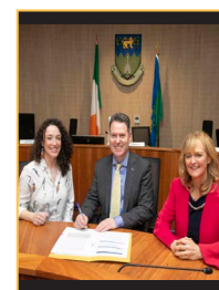
Mid-East Energy Climate Unit Page 77
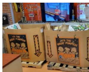
West Hill Elementary
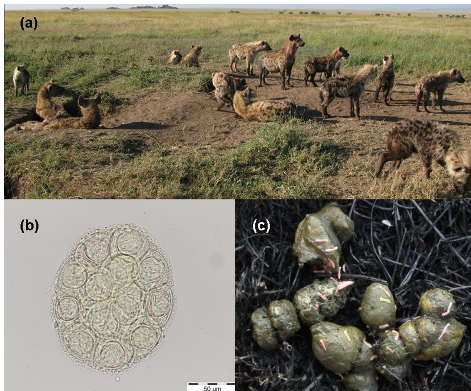
Fig. 1. (a) A spotted hyaena communal den. (b) Dipylidium sp. egg capsule obtained from a gravid proglottid collected from a spotted hyaena faeces. (c) Spotted hyaena faeces with Dipylidium proglottids present on the surface.

Female spotted hyaenas with high social status have priority of access to food resources in their clan territory (Kruuk, 1972; Frank,
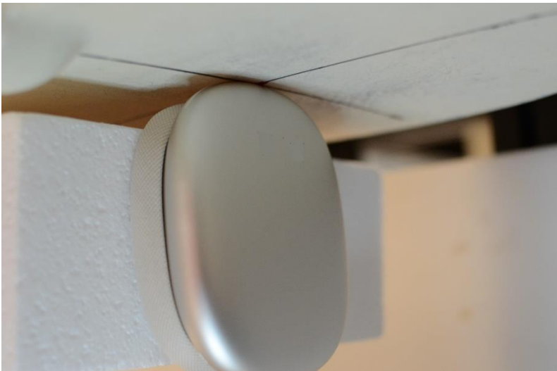
SAR Test Setup Photo 3: Bottom Edge Extremity SAR at 0.0 cm
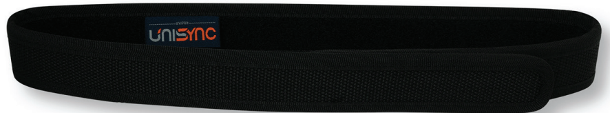
104064 INNER LINER WEB 1.6" WIDE FULL LENGTH WITH LOOP VELCRO LINING HOOK & LOOP CLOSURE FOR QUICK ON/OFF EASE SIZE XS-3XL AVAILABLE IN: BLACK
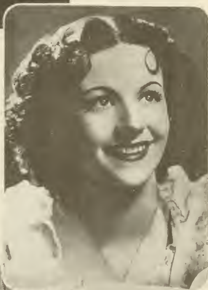
Beautiful Margaret Lockwood, leading player in the drama "Jury's Evidence" (T9036—5 Reels) and in the thriller "The Case of Gabriel Perry" (T9047—6 Reels) as well as the Silent film "Midshipman Easy" (SB30285—4 Reels) can always be relied upon for a fine performance.
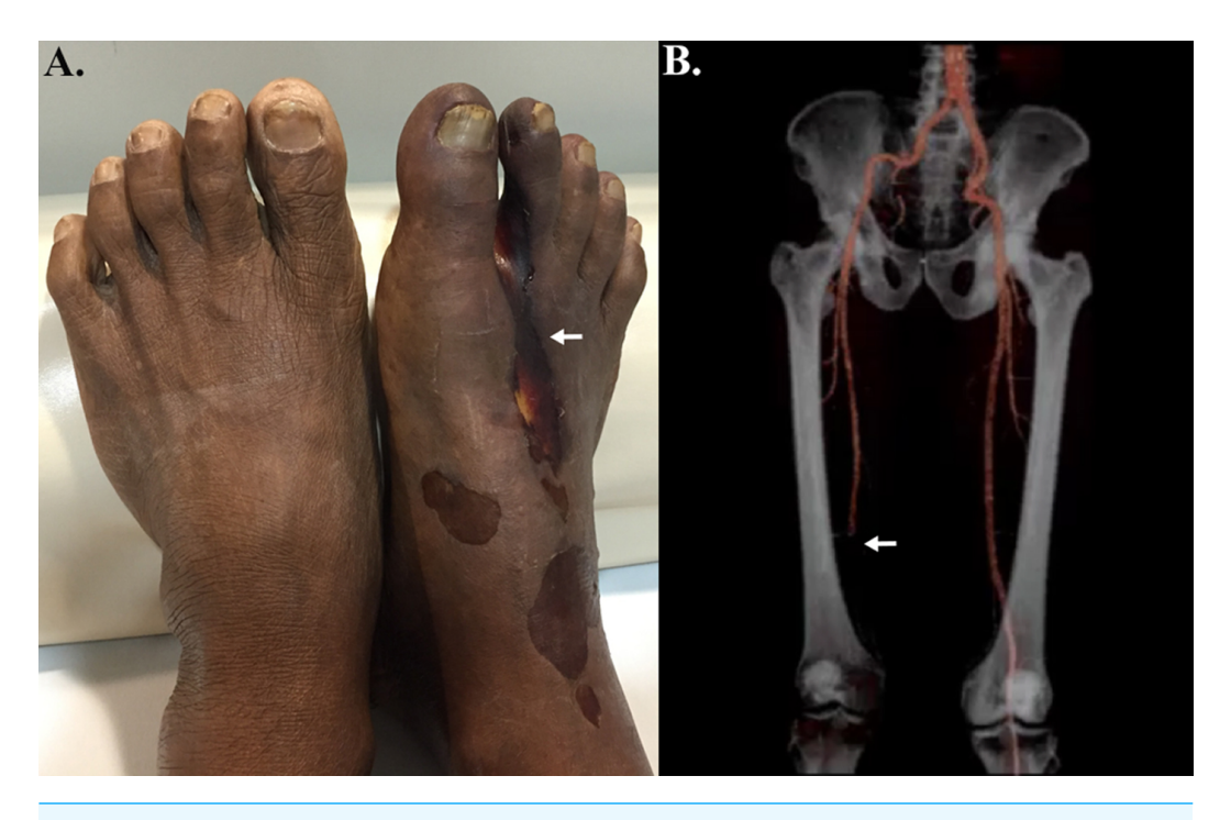
Figure 2 Clinical features of vascular pythiosis. (A) Gangrenous ulcer of the right foot (arrow); (B) Peripheral run-off computerized tomography angiography shows total occlusion of the right proximal-todistal popliteal artery (arrow). Full-size DOI: 10.7717/peerj.8555/fig-2

infection usually ascends to a proximal arterial issue, which leads to thrombosis, arterial occlusion, and aneurysm (ruptured aneurysm results in mortality). Vascular pythiosis of the upper extremities has been occasionally reported ( Worasilchai et al., 2018; Khunkhet, Rattanakaemakorn & Rajatanavin, 2015 ). There are only a few cases of carotid artery involvement, an extremely rare but potentially fatal condition that results in meningitis, cerebral septic emboli, brain abscesses, and death. Patients with an immunosuppressed or neutropenic condition may present with abrupt-onset infection (i.e., within days after the onset of symptoms), with or without a history of exposure to aquatic habitats ( Chitasombat et al., 2018a; Hoffman, Cornish & Simonsen, 2011; Hilton et al., 2016 ), and develop necrotic skin lesions/cellulitis that progress to vascular infections shortly afterward (within a few days or weeks).
◇ ◇ ◇ ◇ ◇
Look through the entries above. Extract each line with the word "spotted".

_Answer_
Fig. 1. (a) A spotted hyaena communal den. (b) Dipylidium sp. egg capsule obtained from a gravid proglottid collected from a spotted hyaena faeces. (c) Spotted hyaena faeces with Dipylidium proglottids present on the surface.
Female spotted hyaenas with high social status have priority of access to food resources in their clan territory (Kruuk, 1972; Frank,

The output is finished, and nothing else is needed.